Labour councillors Lucinda Yeadon and James Lewis attended the picket, and we saw MPs Colin Burgen and John Battle down there too. MP Fabian Hamilton also sent his support. Whilst we welcome the support of the local Labour Party, which is in opposition in Leeds City Council, we, along with many workers, haven’t failed to notice twelve years of privatisations and attacks on the working class by a Labour government. We demand that the Leeds Labour Group commit in its manifesto to reversing any pay cuts made to refuse workers. But that alone is not enough. With prices of basic commodities such as food and fuel continually rising, refuse workers should be fighting for pay-rises, not merely to stave off pay-cuts. As a minimum, the Labour Group must commit to increasing refuse workers’ wages in line with inflation. Labour has a lot of work to do to win back the trust of the working class.

Of course, this does not represent an isolated attack, but is part of a general phenomenon of attacks on public-sector workers. Recent postal workers’ strikes are one obvious example of this. The only way to ensure decent pay and conditions for all public sector workers is to organise all-out united public-sector action. This should be organised and coordinated by the Trades Councils, the local organs of the TUC. At the very least, the leaders of this dispute should call on all Leeds City Council workers to come out in solidarity.

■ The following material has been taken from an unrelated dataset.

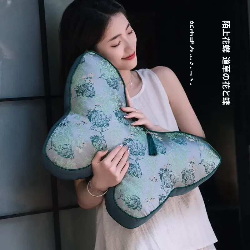 新中式レトロ蝶柄クッション | リビングソファにぴったりの雰囲気を演出 | ベッドヘッドにも最適な高級感あふれるギフト用腰枕 | おしゃれなデコレーションアイテム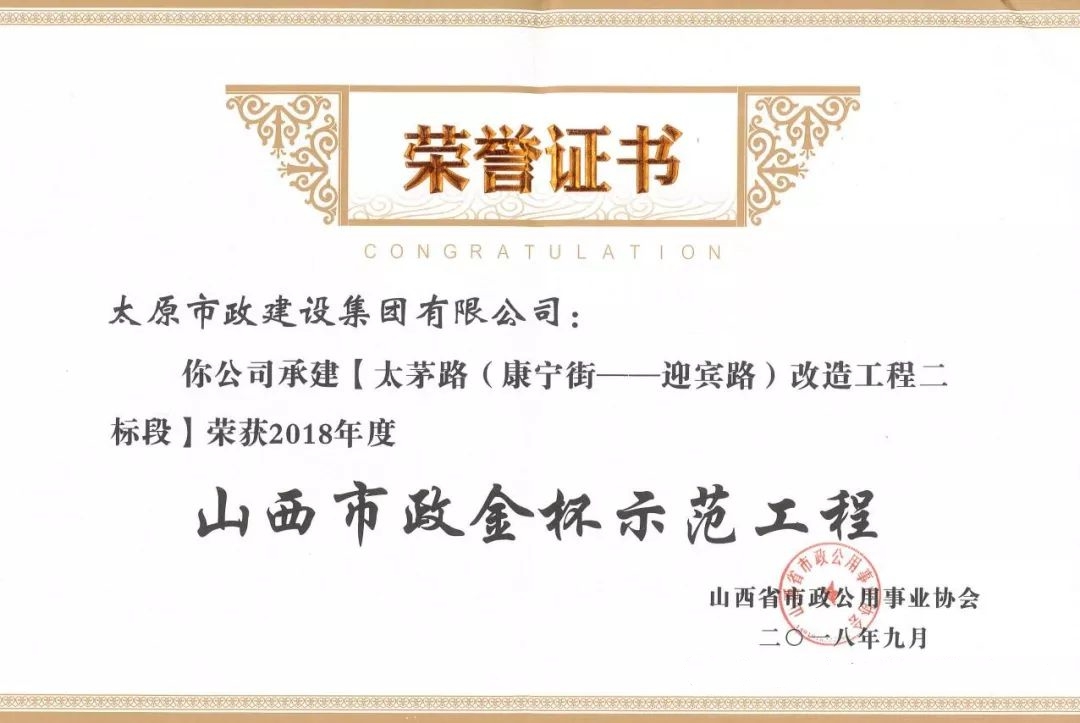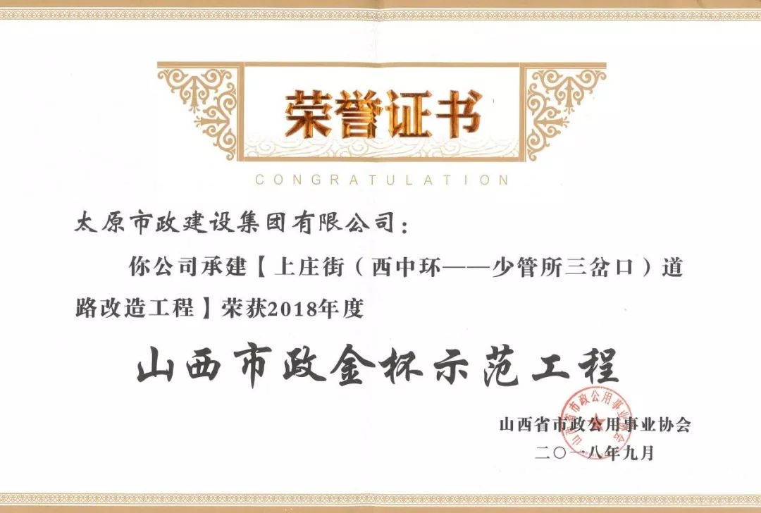 太原市政建設(shè)集團(tuán)有限公司多項(xiàng)工程喜獲山西省市政金杯示范工程榮譽(yù)稱(chēng)號(hào)

We’re entering a period of increased class struggle, as workers across the public and private sectors begin to fight back against twenty years of attacks by Tory and Labour governments. The disputes at Lindsey, Visteon, Vestas and now Leeds are but a foretaste of what is to come. The working class is on the move!

(STOP PRESS: New talks are now planned between the union and management, set to take place this coming Monday)

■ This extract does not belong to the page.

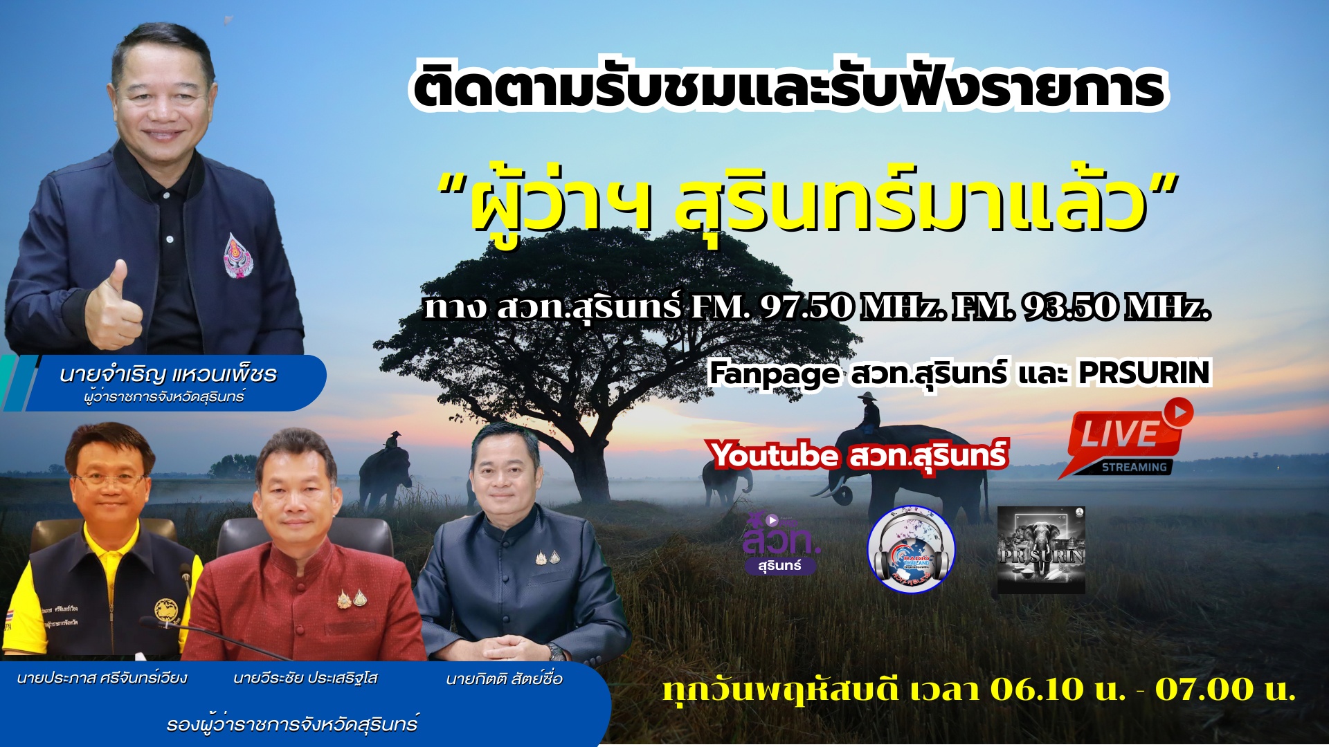 รายการผู้ว่าฯสุรินทร์มาแล้ว ออกอากาศสดทุกวันพฤหัสบดี เวลา 06.10 - 07.00 น. ทาง FM 97.50 MHz. FM 93.50 MHz. และทาง Fanpage สวท.สุรินทร์ และ Fanpage สำนักงานประชาสัมพันธ์จังหวัดสุรินทร์.///

·        All-out action until all pay cuts are reversed!

·        Support the workers in struggle – don’t take your rubbish to scab-operated tips!

·        Union leaders to give full support to the strike! Defy the anti-union laws!

·        Public sector workers must come together to fight the threat of cuts and privatisation – for coordinated public sector action!

·        For an elected, rank-and-file strike committee and a democratically-run strike!

·        Labour to put workers, not bosses, first – Labour councillors to stand shoulder-to-shoulder with workers in struggle! Leeds Labour Group must pledge to reverse all pay cuts once in power!

·        No to privatisations, expensive consultants and bullying management! For publicly-owned, locally-accountable and democratically run public services, as part of a socialist planned economy, providing jobs and good conditions for all!